ECLI: ECLI:NL:TGZRAMS:2021:5
Datum uitspraak: 11-01-2021
Datum publicatie: 11-01-2021
Zaaknummer(s): 2020/176
Onderwerp: Onjuiste behandeling/verkeerde diagnose
Beslissingen: Ongegrond/afwijzing
Inhoudsindicatie: Klager is door verweerder geopereerd wegens reflux-klachten. Volgens klager is tijdens de operatie onzorgvuldig gehandeld waardoor bloedingen zijn ontstaan, zijn na de bloedingen de protocollen genegeerd, operatieverslagen vervalst en was ook de nazorg ontoereikend. Verder is volgens klager ook de door de verweerder uitgevoerde galblaasoperatie niet goed gegaan. Verweerder voert verweer.   Ongegrond

REGIONAAL TUCHTCOLLEGE VOOR DE GEZONDHEIDSZORG

AMSTERDAM

Beslissing naar aanleiding van de op 30 juli 2020 binnengekomen klacht van:

A ,

wonende te B,

k l a g e r,

tegen

C ,

chirurg, 

destijds werkzaam te D,

v e r w e e r d e r,

gemachtigde: mr. S.J. Muntinga, verbonden aan VvAA Rechtsbijstand te Utrecht.

1.         De procedure

Het college heeft kennisgenomen van:

-                  het klaagschrift;

-                  het aanvullende klaagschrift met bijlagen;

-                  het verweerschrift met de bijlagen;

-                  de op 7 december 2020 binnengekomen mail van de gemachtigde van verweerder met bijlagen (radiologieverslagen). 

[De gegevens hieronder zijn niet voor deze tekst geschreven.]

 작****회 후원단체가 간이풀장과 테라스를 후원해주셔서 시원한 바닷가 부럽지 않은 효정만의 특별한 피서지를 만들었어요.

Partijen hebben geen gebruik gemaakt van de hun geboden mogelijkheid in het kader van het vooronderzoek mondeling te worden gehoord.

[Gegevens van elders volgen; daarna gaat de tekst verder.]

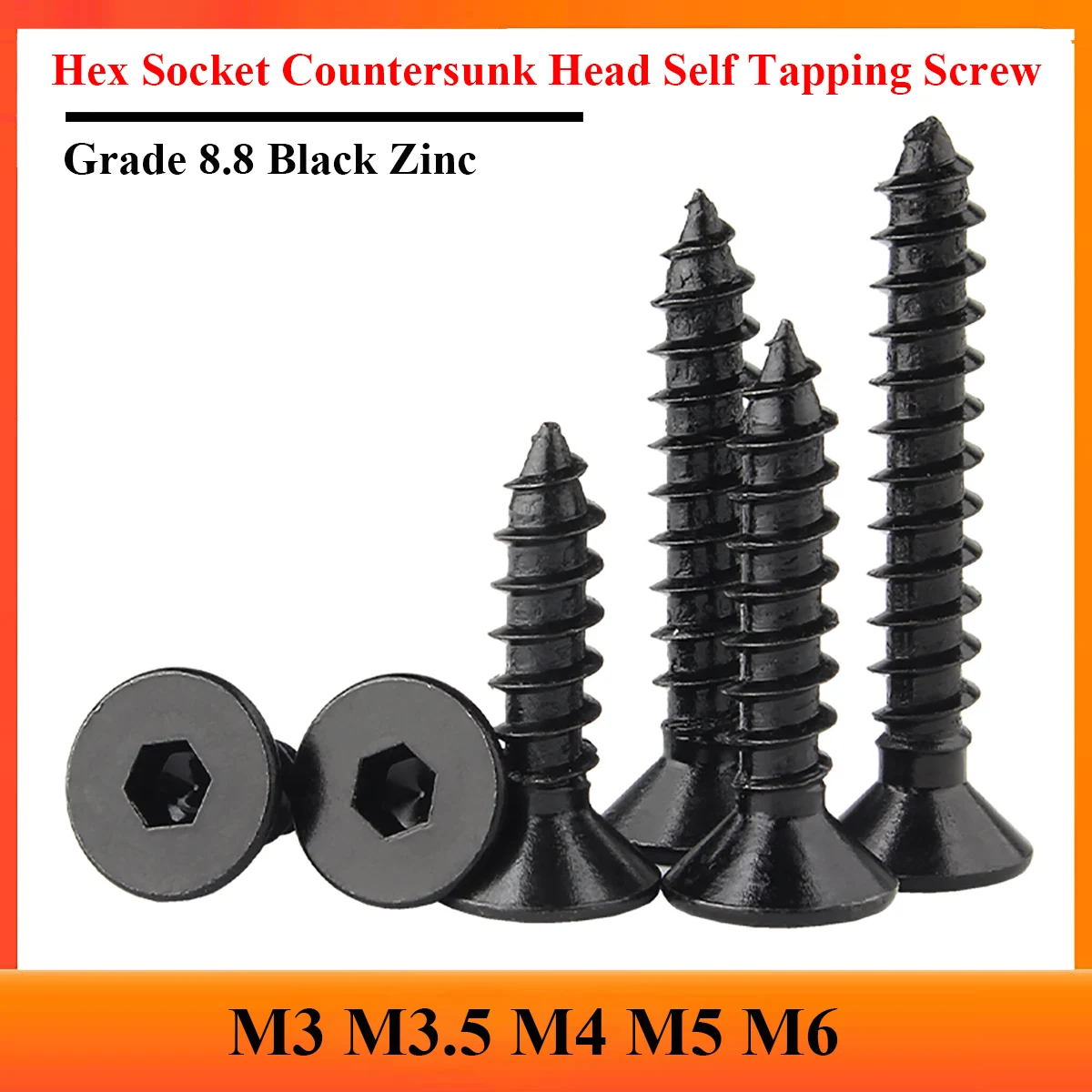 M3 M3.5 M4 M5 M6 noir 8.8 acier au carbone Allen hexagone douille hexagonale tête fraisée plate vis autotaraudeuses vis à bois

De klacht is op 11 december 2020 op een openbare zitting behandeld.

Partijen waren aanwezig, klager vergezeld door zijn ouders E en F (die als meegebrachte getuigen ter zitting zijn gehoord) en verweerder vergezeld van zijn gemachtigde.

2.         De feiten

2.1.      Klager is in verband met refluxklachten door zijn MDL-arts verwezen naar verweerder, op dat moment chirurg in het G te D. Verweerder heeft klager (op dat moment 48 jaar) gezien op 3 september 2013 en na anamnese geconcludeerd dat sprake was van para-oesophageale hernia. Omdat medicamenteuze behandeling niet afdoende bleek heeft verweerder een operatieve behandeling (Nissen fundoplicatie) voorgesteld. Verweerder heeft die dag deze ingreep met klager besproken waarbij tevens de mogelijkheid van conversie aan de orde is gekomen. Klager heeft ingestemd met deze ingreep.

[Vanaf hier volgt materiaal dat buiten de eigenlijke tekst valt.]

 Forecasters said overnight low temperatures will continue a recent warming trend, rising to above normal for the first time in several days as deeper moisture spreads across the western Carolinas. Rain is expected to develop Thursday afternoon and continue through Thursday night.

2.2.      Verweerder heeft op 11 september 2013 de ingreep verricht en daarbij onder meer gebruik gemaakt van een Ultracision. De ingreep is laparoscopisch begonnen maar werd gecompliceerd door een acute slagaderlijke bloeding die niet laparoscopisch te controleren was. Vervolgens is een laparotomie gedaan (conversie), het bloedende vat overhecht en de operatie voltooid. Na de operatie is klager overgebracht naar de Medium care, die gesitueerd is op de IC.

2.3.      Anders dan voorzien heeft de opname in het ziekenhuis veel langer geduurd (29 dagen in plaats van zoals verwacht één tot twee dagen) omdat in aansluiting op de operatie meerdere complicaties zijn opgetreden. Klager heeft een paralytische ileus, longontsteking en blaasontsteking ontwikkeld en een wondinfectie, en er is kort voor ontslag nog een lijnsepsis ontstaan die succesvol is behandeld met antibiotica. Klager is op 10 oktober 2013 ontslagen en daarna poliklinisch gevolgd.

 2.4.     Op 26 november 2013 heeft een laparoscopische cholecystectomie plaatsgevonden in verband met blijvende pijnklachten. Een daaraan voorafgaand beeldvormend onderzoek liet in het kleine bekken een blaaswandverdikking zien, waarna klager is doorverwezen naar de uroloog.

2.5       Na de galblaasoperatie zijn er nog twee heropnames wegens een ileus en meerdere polibezoeken geweest bij verweerder, die klager onder meer heeft doorverwezen naar professor G in het H(maart 2014) en professor I in het J (oktober 2014). Daarna is klager niet meer op de poli bij verweerder geweest.

2.6.      Op 12 juli 2017 is er een gesprek geweest tussen klager en verweerder, hierna is er geen contact meer geweest.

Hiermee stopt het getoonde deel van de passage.